Collection entries:
● ● ● ●

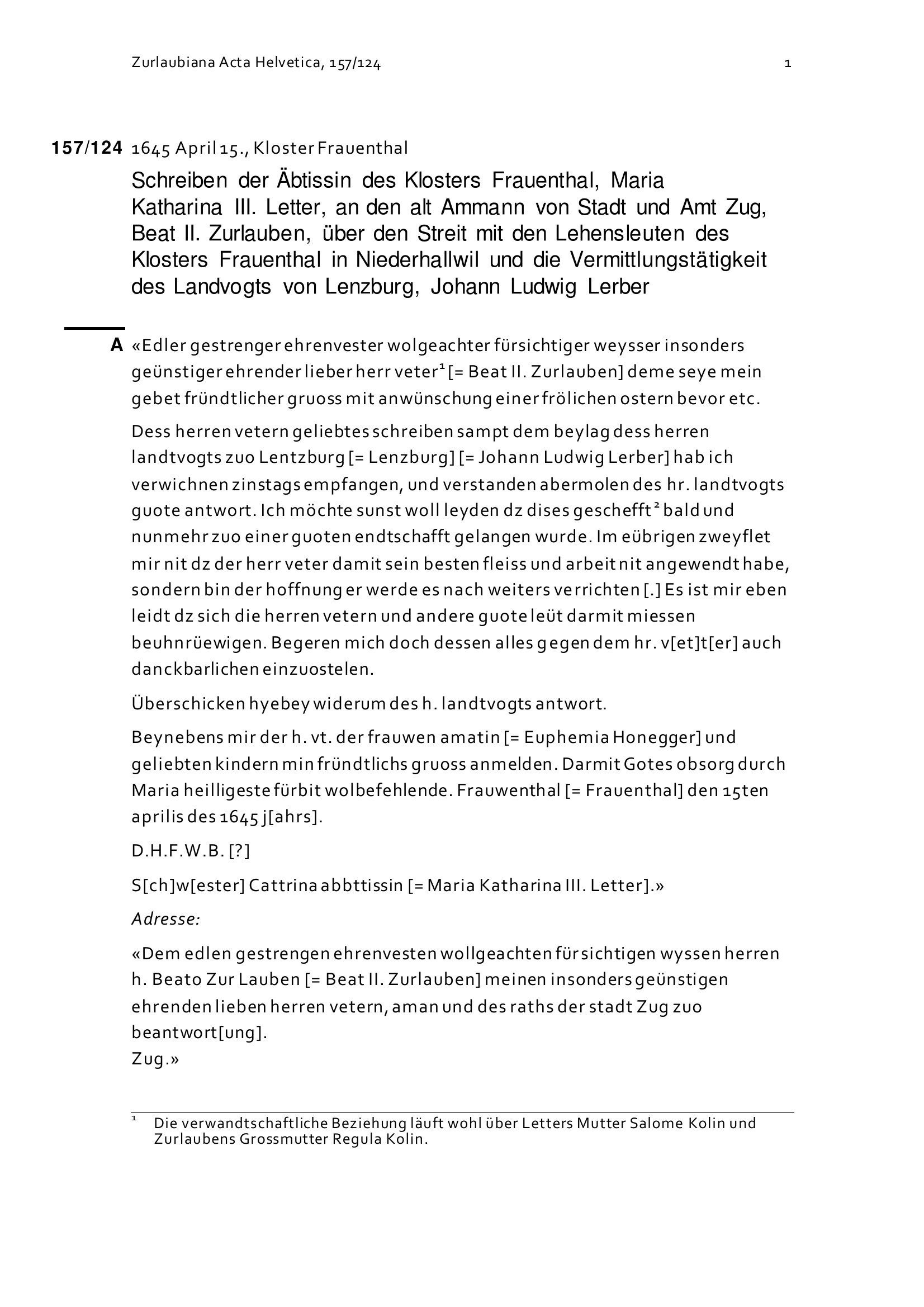 Schreiben von Maria Katharina III. Letter, Äbtissin des Frauenklosters Frauenthal, an Beat II. Zurlauben, Ammann, über den Streit mit den Lehensleuten des Frauenklosters Frauenthal in Niederhallwil und die Vermittlungstätigkeit des Landvogts von Lenzburg, Johann Ludwig Lerber
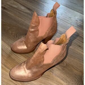 Elevate your shoe game with these stunning rose gold metallic leather ankle boots from Acne Studios. The almond toe and Western-style design add a touch of classic charm to this modern boots. The Western heel provides comfort and stability for all-day wear, while the pull-on closure and elastic side gusset ensures easy on-and-off wearability. Crafted with high-quality leather, these boots are built to last, making them a perfect addition to your collection. The leather lining and insole provide comfort and breathability, making them comfortable to wear for any occasion. These boots are in excellent condition and will leave a lasting impression wherever you go.
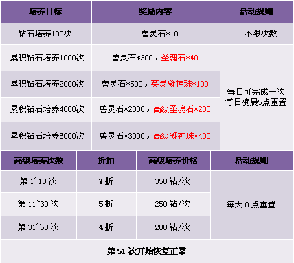 2. 坐骑钻石培养打折每天0点重置,使用钻石进行高级培养打折,使用绑定钻石、兽灵石高级培养不打折,不消耗打折次数,不计算在累积培养活动内;
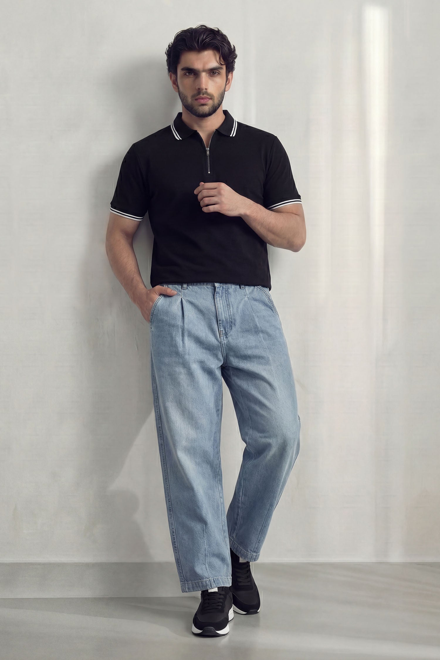 A straight-fit denim featuring soft front pleats and a clean light-wash finish. Designed for a relaxed yet refined streetwear look, offering comfort, structure, and everyday versatility
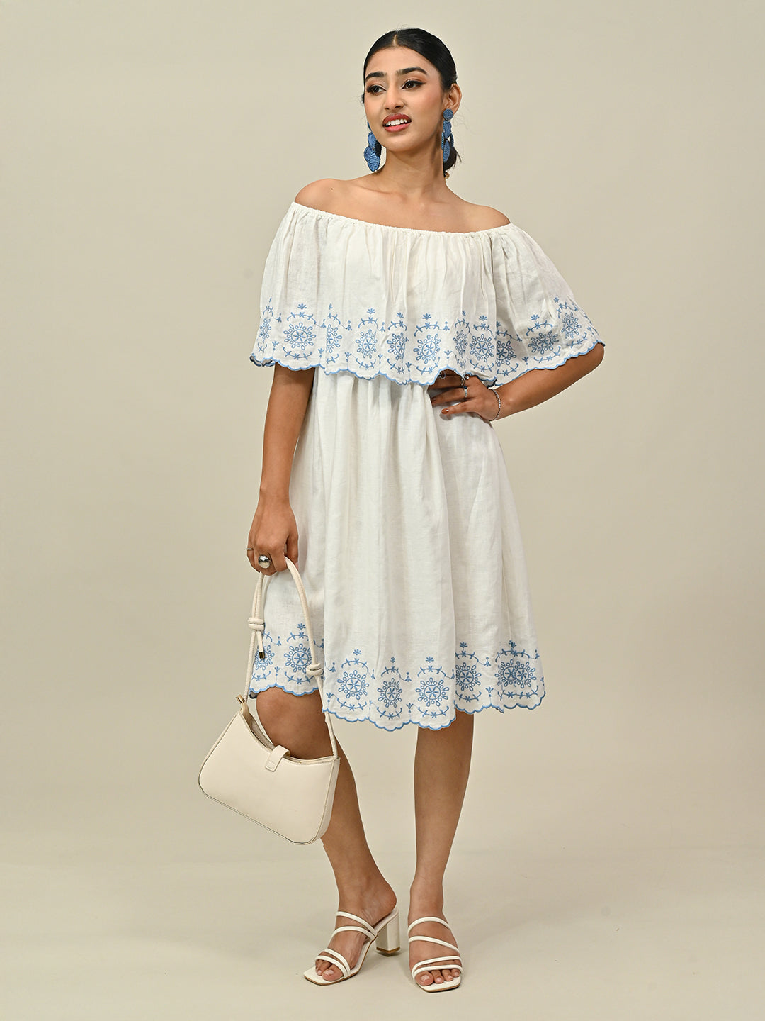 WHITE OFF SHOULDER EMBROIDERY DRESS
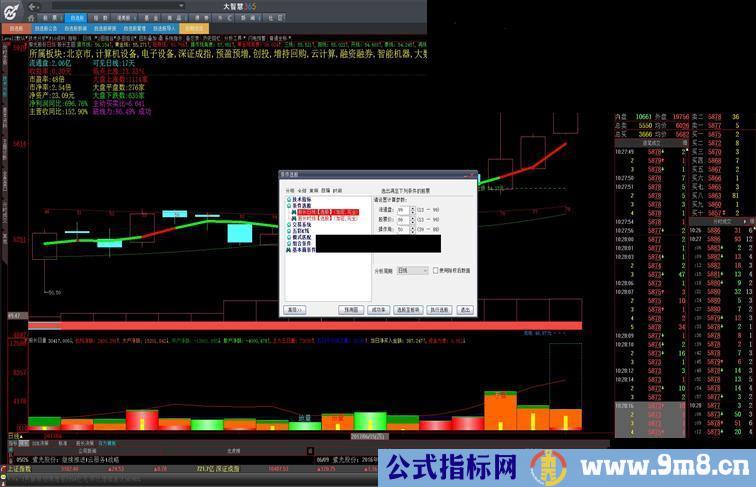 股票特征一:趋势向上、涨跌有量。(K线运行整体趋势向上,股价步入拉升区,股价意欲拉升;60分钟周期下倍量柱、多倍量柱频现,托起并抬高股价;股价下跌时多为快速缩量,但回调不破操作线。)
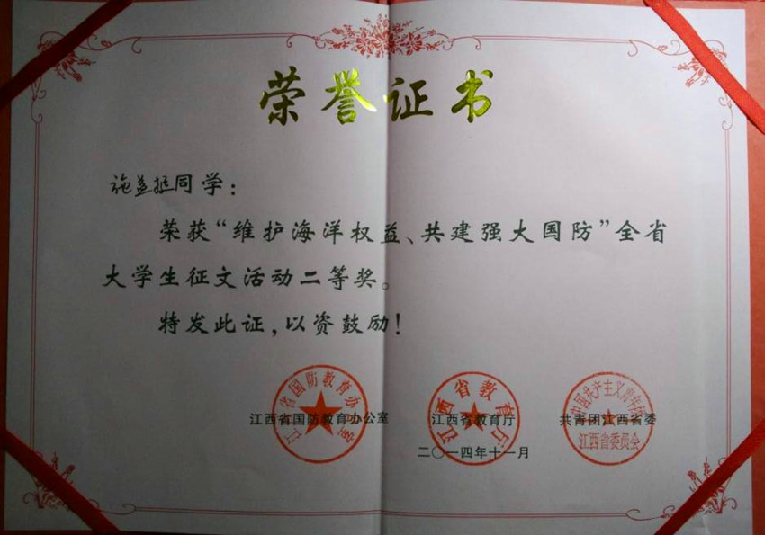 我院法学1301班施益挺同学在“维护海洋权益,共建强大国防”全省大学生征文活动中获得二等奖。
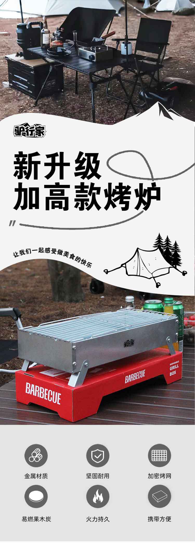 Donkey Expert 야외 일회용 바베큐 그릴 두꺼운 탄소강 숯 트레이 바베큐 그릴 빠른 연소 숯 강화 오븐스토어 가기
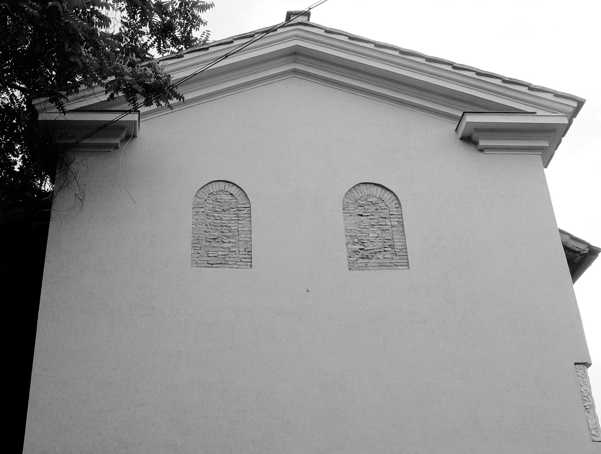 Rom, S. Gregorio al Celio, Mittelalterliche Platte in Giebelform (Anhang III, Nr. 15), heute in Wiederverwendung im Türgiebel des barocken Oratorio di S. Silvia (Foto Senekovic 2002)
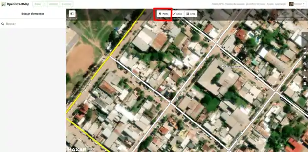 Cuando estamos seguros de la ubicación del establecimiento, debemos crear un nuevo Punto que va a marcar la posición del hospital:
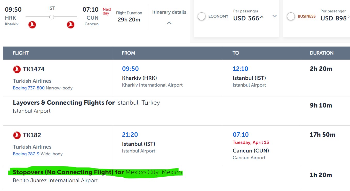 не продают внутренний а так да, выходят в мехико те кто до мехико и садятся те кто до стамбула из Мехико. Крюк знатный да. Но там много таких круговых рейсов у турков
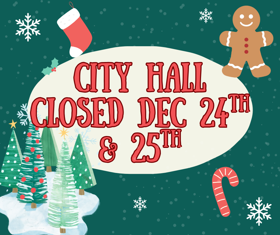 Posted on December 8, 2025, Edited December 8, 2025 by Sarah Claeys City Hall Closed for Christmas City Hall will be closed December 24th and 25th for Christmas.
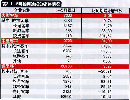 从表1可以看出,与4月比,5月的客车市场仍然下滑,但是与去年同期比较则是普遍实现较大幅度增长,表现最为突出的是中型和轻型客车。

● ● ● ●

WHAT THE EXERCISE ASKS:
Each entry above must be set down word for word; none of its pictures belong in the copy.

WRITTEN ANSWER:
 Schreiben von Maria Katharina III. Letter, Äbtissin des Frauenklosters Frauenthal, an Beat II. Zurlauben, Ammann, über den Streit mit den Lehensleuten des Frauenklosters Frauenthal in Niederhallwil und die Vermittlungstätigkeit des Landvogts von Lenzburg, Johann Ludwig Lerber
 Elevate your shoe game with these stunning rose gold metallic leather ankle boots from Acne Studios. The almond toe and Western-style design add a touch of classic charm to this modern boots. The Western heel provides comfort and stability for all-day wear, while the pull-on closure and elastic side gusset ensures easy on-and-off wearability. Crafted with high-quality leather, these boots are built to last, making them a perfect addition to your collection. The leather lining and insole provide comfort and breathability, making them comfortable to wear for any occasion. These boots are in excellent condition and will leave a lasting impression wherever you go.
 2. 坐骑钻石培养打折每天0点重置,使用钻石进行高级培养打折,使用绑定钻石、兽灵石高级培养不打折,不消耗打折次数,不计算在累积培养活动内;
 A straight-fit denim featuring soft front pleats and a clean light-wash finish. Designed for a relaxed yet refined streetwear look, offering comfort, structure, and everyday versatility
 WHITE OFF SHOULDER EMBROIDERY DRESS
 股票特征一:趋势向上、涨跌有量。(K线运行整体趋势向上,股价步入拉升区,股价意欲拉升;60分钟周期下倍量柱、多倍量柱频现,托起并抬高股价;股价下跌时多为快速缩量,但回调不破操作线。)
 我院法学1301班施益挺同学在“维护海洋权益,共建强大国防”全省大学生征文活动中获得二等奖。
 Donkey Expert 야외 일회용 바베큐 그릴 두꺼운 탄소강 숯 트레이 바베큐 그릴 빠른 연소 숯 강화 오븐스토어 가기
 Rom, S. Gregorio al Celio, Mittelalterliche Platte in Giebelform (Anhang III, Nr. 15), heute in Wiederverwendung im Türgiebel des barocken Oratorio di S. Silvia (Foto Senekovic 2002)
 Cuando estamos seguros de la ubicación del establecimiento, debemos crear un nuevo Punto que va a marcar la posición del hospital:
 не продают внутренний а так да, выходят в мехико те кто до мехико и садятся те кто до стамбула из Мехико. Крюк знатный да. Но там много таких круговых рейсов у турков
 Posted on December 8, 2025, Edited December 8, 2025 by Sarah Claeys City Hall Closed for Christmas City Hall will be closed December 24th and 25th for Christmas.
 从表1可以看出,与4月比,5月的客车市场仍然下滑,但是与去年同期比较则是普遍实现较大幅度增长,表现最为突出的是中型和轻型客车。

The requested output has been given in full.